INTRODUCTION
Rice (Oryza sativa L.) is one of more important commodities of the world with more than 760 Million Tons produced in 2017, highlight Asian countries' production and Brazil, one of the top 10 producers (FAOSTAT, 2019). Once this is a cereal that feeds more than half of the world’s population, many efforts have been made to food security of this crop (Godfray et al., 2010). In this sense, fungal contamination is the one of main problems related to seed production and storage; therefore, the elimination or minimization of contamination by mycotoxins and fungi is crucial for reducing economic loss in agriculture (Adeyeye, 2016).
Seed storage is complicated by climatic conditions between regions and the potential reduction of quality. However, treatments as chemical disinfection, heat and/or ionizing radiation have been developed aimed to reduce the number of microorganisms infesting the surface and inner tissue of seeds (Khamsen et al., 2016). In this context, low-temperature emerges as an interesting process of storage and sterilization of seeds (Cardoso et al., 2004), yet during this time, and temperature variation, stored rice seeds may lose physiological quality (Marini et al., 2012). However, we previously demonstrated that rice seeds can be stored at low-temperature without losing physiological quality (Aguiar et al., 2012; Aguiar et al., 2015). Besides that, low-temperature technology has proven effectiveness in reducing the microbial population on the food surface not permitting the invasion by storage fungi, reduce the potential for attack by pathogenic microorganisms, and minimizing the loss of quality (Zuchi and Bevilaqua, 2012).
Once seed storage at elevated-temperature can lead to deterioration despite sterilization, and there is a clear need for studies aimed at establishing suitable storage conditions for rice seeds, here we evaluate the effect of low-temperature storage on the sanitary quality of rice seeds, testing different temperatures of storage and if occurs some seed-to-seedling transmission.
MATERIAL AND METHODS
Plant material and seed treatments. Seeds used in this study, cultivars IRGA 423 and 424 (Irga ®), were obtained from the rice seed agro-industries from Formoso do Araguaia and Lagoa da Confusão, in the state of Tocantins - Brazil. Collected seeds were placed in a forced airflow dryer (BKIA, Carlos Becker®) until reaching 11% of humidity. The cooling process of seeds was realized in two chambers with temperature control (8 and -50°C) and a capacity of 20L. Seeds were then packed (1.5kg) in sealed chambers with a volumetric capacity of 2L and stored at 8 ± 1°C or -50 ± 1°C. The controls were kept in a paper bag (2kg) at room temperature (uncontrolled conditions) with an average temperature of around 25 ± 10°C.

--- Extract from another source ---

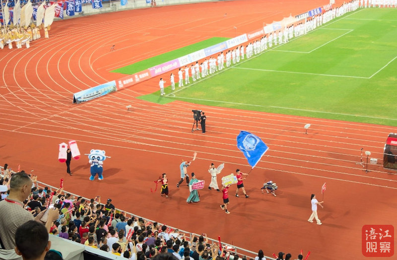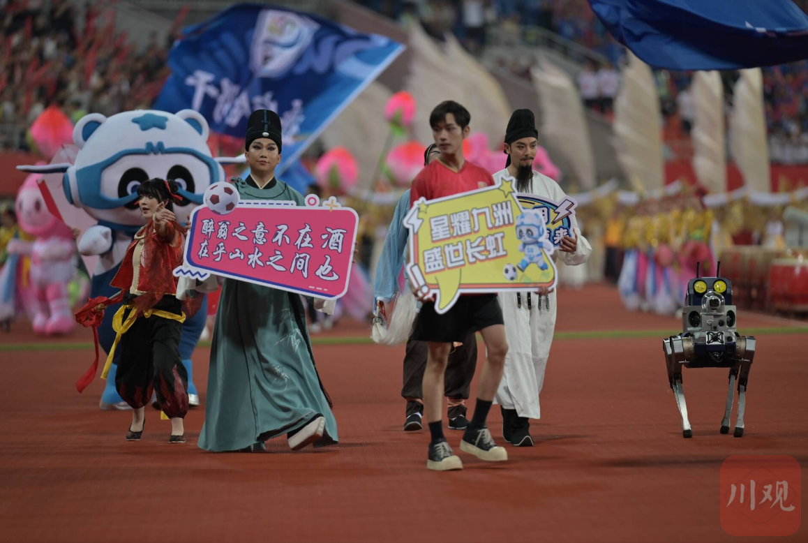 入場完畢后,綿陽特色方隊(duì)再次呼喊“星耀九洲 盛世長虹”口號(hào),并配合各自角色的標(biāo)志性動(dòng)作定格。這一刻,整個(gè)球場仿佛被點(diǎn)燃了一般,氣氛熱烈到了極點(diǎn)。

Microbiological analysis and fungal identification. To analyze the effect of low-temperate storage on rice seeds’ protection against fungal contaminations, the samples were transferred to sterile stomacher bags containing 50mL Butterfield’s Phosphate Buffer after each storage time. The bags were kneaded for 3 min to obtain a homogenized spore solution. Serial dilutions were operated, and 0.5mL of solution was spread on each plate with Dichloran Rose-Bengal Chloramphenicol medium. After 3 days of culturing at 30°C, the colonies were labelled. Two replicate in triplicate were performed for each sample, and the mean of six replicates ± standard deviation was reported. The initial spore population of untreated samples was 1.3 x 107CFU g−1. The fungal identity was confirmed based on colony morphology and spore characteristics, according to Kimati et al. (1997) . Single spore cultures of these fungus strains were maintained on Potato Dextrose Agar medium at 27°C. Inoculum was prepared by using the conidia of two-week-old cultures of the fungi. The conidia were removed from the medium’s surface by flooding with sterile distilled water and gentle rubbing with a sterilized glass rod. The suspensions were filtered through cotton wool removing mycelial fragments and adjusted to 105 conidia mL-1. Following this, all conidial and spore suspensions were used for inoculation in PDA culture medium. The results were expressed in the percentage of incidence of each fungus.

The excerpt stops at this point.